The Protection of the Native Irish Honey Bee Bill 2021
NIHBS has always campaigned for a ban on the importation of honey bees into Ireland. Hence the introduction of a private members bill by Senator Vincent P Martin in 2021 entitled the ‘Protection of the Native Irish Honey Bee Bill 2021’ was a momentous event for the society.
This bill seeks to ban the importation of non-native honey bees to reduce the threat to and adverse impact upon biodiversity and the ecosystem arising from the introgression/crossing/cross-breeding of the native Irish Honey Bee, Apis mellifera mellifera, due to the importation of non-native species or sub-species of and/or strains derived from Apis mellifera.
Currently, the bill is at its second stage before Seanad Eireann.
Much work lies ahead to support the progression of this bill in the hope that finally our native honey bee will be afforded some protection under the law and that this precious genetic treasure can be conserved for future generations.
What can people in Ireland do to help support native Irish honey bees?
Learn more about our native honey bee by checking out the NIHBS website.
Here you will find lots of information on our native honey bee, the work done by NIHBS to preserve it and how you can join in that work.
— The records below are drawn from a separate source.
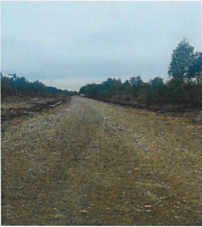
Kuva 3 Tien ravien kaivuuta
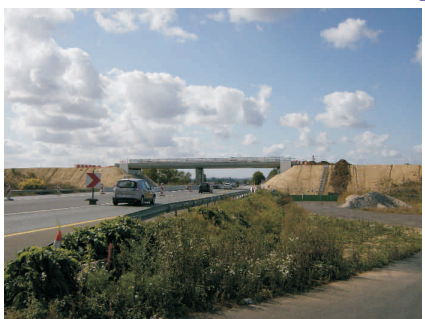
Le Plessis Nanteuil pont de la RD 548 : terminé.
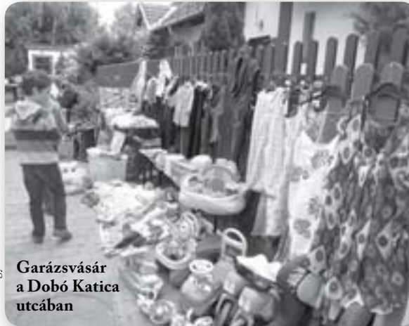
Garázs vásár a Dobó Katica utcában

Röviden összefoglalva arról szolt az egész napos program, hogy ma-
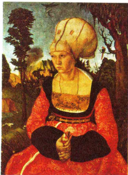
Л.Кранах. Партрэт Ганны Куспініян. 1502—03.

КРАН-БЭЛЬКА (галанд. kranbalk), разнавіднасць пад'ёмнага крана маставага тыпу, у якога таль з эл. або ручным прыводам рухаецца па пралётнай эздавой бэльцы, абсталяванай канцавымі хадавымі цяжэжкімі. Цяжэжкі перамяшчаюцца па рэйках, укладзеных па падкранавых бэльках, якія абапіраюцца на калоны ці падвешваюцца да кроквенных ферм. К.-б. бываюць адна- (пралёт да 15 м) або шматпралётныя (да 100 м). Грузапад'ёмнасць да 5 т. Разнавіднасць К.-б. — катэбэля для падымання і апускання якараў на суднах. Г.І.Леановіч.
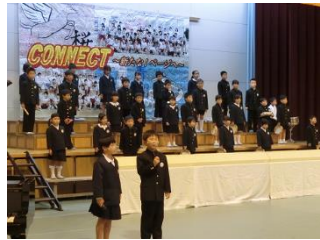
☆合唱・合奏(1～3年生) 元気をもらいました！ 司会も上手でしたよ！
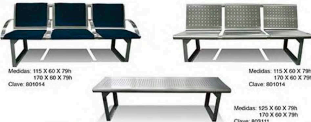
Medidas: 115 X 60 X 79h 170 X 60 X 79h Clave: 801014 Medidas: 115 X 60 X 79h 170 X 60 X 79h Clave: 801014 Medidas: 125 X 60 X 79h 170 X 60 X 79h Clave: 803111
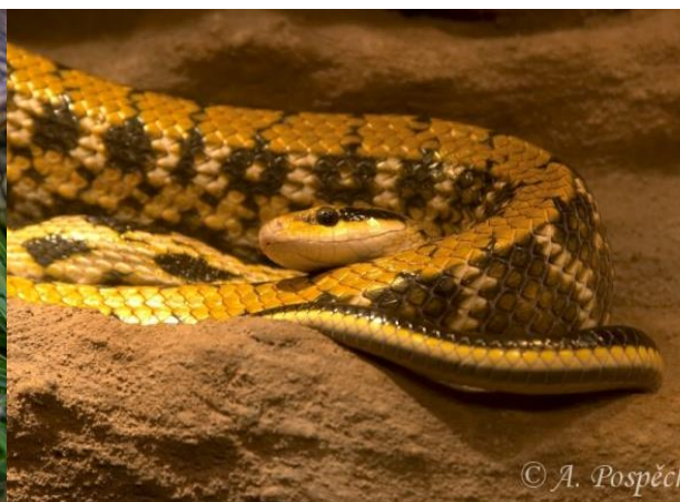
Obrázek 20 – Užovka tenkoocasá
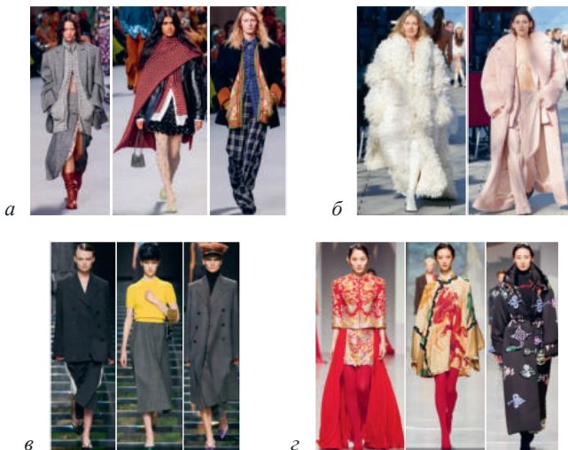
Рис. 3. Коллекции: а – P. Rabanne; б – Stella McCartney; в – Prada; з – Vivienne Tam

Also, you can support our native Irish honey bee by buying honey from beekeepers who only keep native bees. Many beekeepers clearly label their honey as ‘Irish Honey’ but is that honey made by native Irish bees? If you are in doubt ask.
What would you like people to use World Bee Day 2022 to reflect on?
We would hope that people would reflect on the precious gift we have in the form of our native honey bee and in so doing, realise that this tiny creature is deserving of protection and conservation for its own sake and for future generations.